It looks like I have a tentative date—or date range, anyway—for an admission to the Epilepsy Monitoring Unit at a hospital here in Toronto. Yay! Yay. Yay? Ugh.
I have, as I’ve probably made evident, conflicted emotions about this. On the one hand, it has to happen eventually, and I’ve waited a long time for it. It’s a necessary diagnostic step that will provide the clinicians in charge of my care with crucial information. Blah blah blah.
On the other, I’m afraid of what’ll happen and what they’ll find. If it turns out that there isn’t a clear focus for my seizures after all, then surgery will be off the table, and as much as my hippie parents taught me that I should love myself just the way I am, I don’t love this particular part of myself all that much. If there is a clear focus, though, I’ll have to begin making some real, adult decisions re. removing a portion of my brain and stop continuing to think about surgery in abstract terms.

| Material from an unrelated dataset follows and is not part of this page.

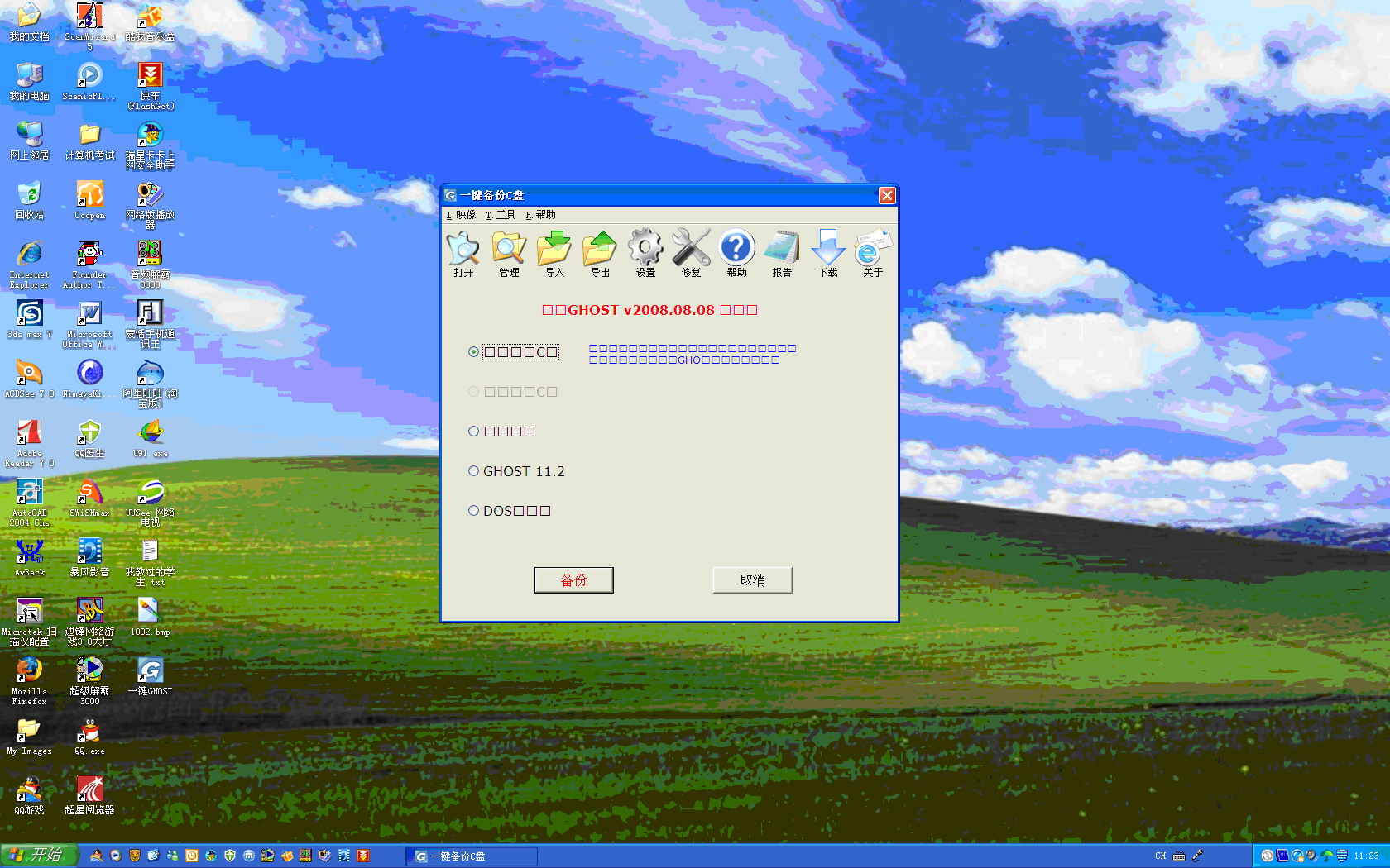 我今天发现我的一键GHOST的界面变成了如图所示的情况,汉字变成了框框,一个扫描仪的软件界面也是这样,帮帮我,谢谢!

On a more practical note, I anticipate my hospital stay being excruciatingly boring and unpleasant. I know that I should practice positive thinking or whatever, but the last time I was in the EMU, it was for almost two weeks, and it felt like even longer. No positive thinking here. Since the whole point of this “mini-vacay” is to have a video EEG, I won’t be allowed to leave bed, or the chair next to my bed, for more than a very short period each day; even then, I won’t be able to leave the unit unaccompanied. Which, it turns out, makes sense since you’re taken off all of your anticonvulsants while you’re admitted, which renders you a ticking seizure time bomb. So yes, wandering around the gift shop alone while deciding what trashy magazines and waxy chocolate to buy yourself would just maybe be a horrible idea.
Related to the no-meds point, knowing that medical professionals are creating the conditions for you to have a seizure that they can record—i.e., that they’re hoping that you’ll have one—is kind of anxiety-provoking: for all you non-epilepsy people, imagine a doctor calling you up and being like, “we need to see how you’ll bounce back from food poisoning, so come to the hospital and eat all of this salmonella-infested steak then lounge around in this uncomfortable bed so that we can take note of your traumatizing reaction before treating you!”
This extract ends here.